Hacker News new | ask | show | jobs
by timeagain 975 days ago
In a similar vein, something about queuing that has annoyed me as a developer for multiple large FANG corporations is poor thinking about queue metrics. The TLDR is that metics provided by the queue itself are rarely helpful for knowing if your service is healthy, and when it is not healthy they are not very useful for determining why.

Most queue processing services that I have seen have an alarm on (a) oldest message age, and (b) number of messages in the queue.

In every team I joined I have quickly added a custom metric (c) that subtracts the time of successful processing from the time that a message was /initially/ added to the queue. This metric tends to uncover lots of nasty edge cases regarding retries, priority starving, and P99 behavior that are hidden by (a) and (b).

Having 100000 messages in the queue is only an issue if they are not being processed at (at least) 100000/s. Having a 6-hour-old message in the queue is concerning, but maybe it is an extreme outlier, so alarming is unnecessary. But you can bet your bottom dollar that if your average processing latency spikes by 10x that you want to know about it.

The other thing that is nice about an end to end latency metric is that (a) and (b) both tend to look great all the way up to the point of failure/back pressure and then they blow up excitingly. (c) on the other hand will pick up on things like a slight increase in application latency, allowing you to diagnose beforehand if your previously over-provisioned queue is becoming at-capacity or under-provisioned.

2 comments

Makes sense!

I was just talking with a Temporal solutions engineer this week and this metric is their recommended one for autoscaling on.

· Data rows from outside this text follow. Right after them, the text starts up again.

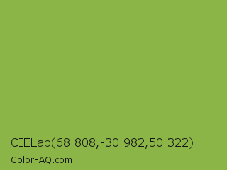 CIELab 68.808,-30.982,50.322 Color is a normal green color and the nearest color is Sushi #87ab39. Hex code #8cb547 and RGB value is rgb(140,181,71). In RGB color space, this color is composed of 55% red, 71% green, 28% blue, In CMYK color space, this color is composed of 23% cyan, 0% magenta, 61% yellow , 29% black , In HSL color space, this color has a hue angle of 82° , 44% saturation and 49% lightness.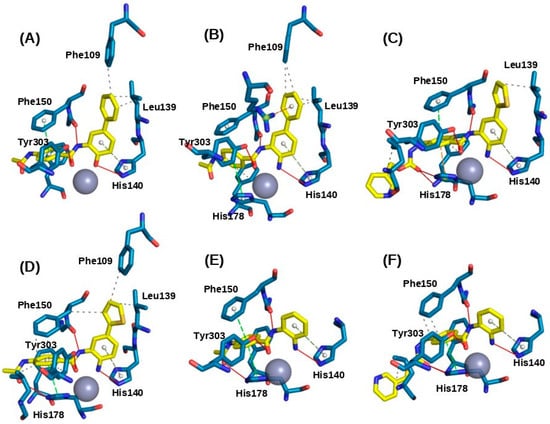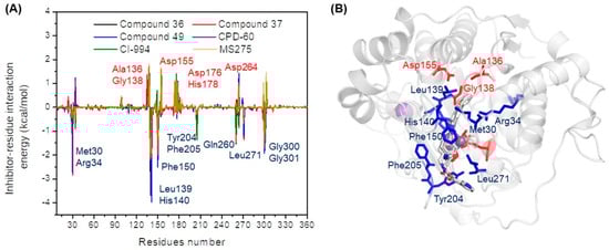 It is noteworthy that the contribution of the residues Met30 and Arg34 interacts with the aromatic ring substituent of the principal core; this interaction is consistent with the electrostatic contour map in generating stability through hydrogen bond interactions and with the negative steric contour map, which restricts the cavity from accommodating the ligand. Moreover, residues Phe150, Cys151, Phe205, and Leu271 interacted with the linker region of the inhibitor; these interactions were in accordance with the electrostatic map contours and indicated that they were stabilized by stacking between aromatic rings in this region of the receptor. However, unfavorable contributions of residues Ala136, Gly138, and Asp155 were observed. This was attributed to the residues being part of the internal cavity, generating movement restrictions in the ligands. On the other hand, the residues bound to Zn2+ (Asp176, His178, and Asp264) also show an unfavorable interaction energy, possibly because zinc shows different energetic tendencies for the dissociation of Zn2+ in the presence and absence of solvent molecules, depending on the protein environment []. These interactions are depicted in Figure 6B, where the blue color represents interactions favorable to energy and the red color represents unfavorable interactions.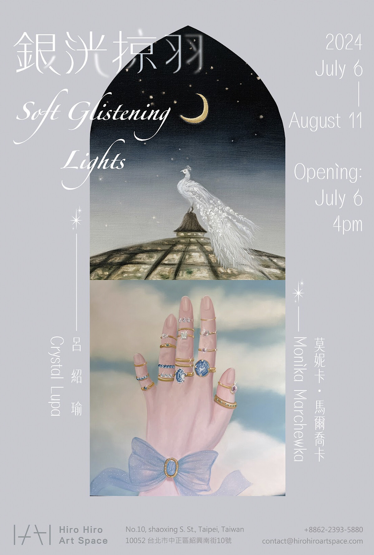一隻手伸向天空,試圖感受溫柔的風掠過指尖,手指上寶石在陽光映照下閃閃發光;星光熠熠的夜空下,白孔雀的羽毛與月光相輝映,宛如披上細緻的刺繡長袍⋯⋯由藝術空間 Hiro Hiro Art Space 呈現,「銀洸掠羽」邀請藝術家呂紹瑜(Crystal Lupa)與莫妮卡.馬爾喬卡(Monika Marchewka)以銀波般閃爍的水光和輕柔的氛圍為題,即日起至8月11日舉行雙人聯展。

Instead of autoscaling on queue depth, you scale on queue latency! Specifically for them they split up the time from enqueue to start, and then the time from start to done, and you scale on the former, not the total ("ScheduleToStart" in their terms).

Time from enqueue to start isn't a good metric - it completely disregards the queue size. Enqueuing 1M jobs won't change this metric as it only updates once the job reaches the front of the queue, and when the 1Mth job does that the situation is already over.

I had much better results with a metric that shows estimated queue time for jobs that are getting enqueued right now (queue_size * running_avg_job_processing_time / parallelism).

>>> I was just talking with a Temporal solutions engineer

Aha! Just as the second season of Loki dropped. Makes sense now

Less sarcastically - this ties in with the article i guess. runat time is the enqueue, and then you are arguing for two latencies - time enqueue to start and start to complete.

Exactly! Other queue metrics have too many false-positives and false-negatives.
Slow working processes are completely normal and required in the real world. It’s not an extreme outlier.

Enterprise processes can wind between many intermediaries. Hours, days, weeks, maybe even months.